If your liver has been severely destroyed, a liver transplant will be non-negotiable.

You will have to agree that you won’t go back to drinking before a new liver will be transplanted into you. Also, you will have to stay away from drinking 6 months to the scheduled time for the liver transplant. Ensure you seek counseling when necessary.

How can you prevent alcoholic hepatitis?

Absolute abstinence from alcohol consumption is the best way to prevent alcoholic hepatitis.

If you must drink alcohol, you must take just a drink per day if you are a man and half a drink per day if you are a woman.

If you can maintain your weight and protect yourself from anything that can cause either hepatitis C and B from developing, you are likely going to be far from having alcoholic hepatitis.

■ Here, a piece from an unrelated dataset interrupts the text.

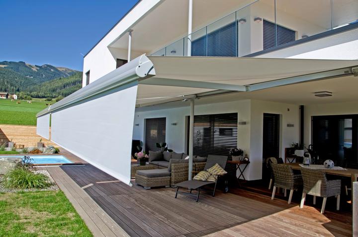 V kombinácií s výsuvným predným volánom si môžete vytvoriť tienenie aj po stranách markízy.
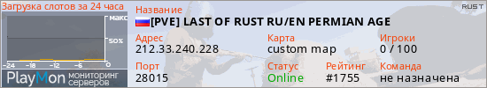ID: 82267Ссылка: https://playmon.ru/server/212.33.240.228:28015

If you also reduce your risk of developing any blood-borne disease, you will reduce your susceptibility to having alcoholic hepatitis. You can do this by not engaging in unprotected sexual intercourse, or not sharing instruments that can pierce your body with others.

There are vaccines for hepatitis. But hepatitis C is yet to have a vaccine.

Long-term outlook for alcoholic hepatitis

If you stop drinking, your outlook might be fine. If your liver has not been severely damaged, that will be a good one, too.

The severity of your symptoms will also affect your outlook.

What are the possible complications of alcoholic hepatitis?

The chances of recovery will be slim if you keep drinking despite the fact that you have been seriously affected by liver inflammation. Hepatic encephalopathy, coma, anemia, cirrhosis, bleeding, and liver failure are the likely complications that can arise from severe alcoholic hepatitis.

Diet and exercise


What nutrition advice can be provided to one who is trying to recover from alcoholic hepatitis?


The nutrition advice that can be given to such a person will be informed by the laboratory results.

On a general note, the person might have to have a magnesium replacement if the result reveals the presence of deficient serum magnesium.

Vitamins like folic acid, thiamine, and multivitamins will be needed by someone that is recovering from alcoholic hepatitis.

Healthy meals thrice a day and ensuring the body is well-hydrated will really be commendable.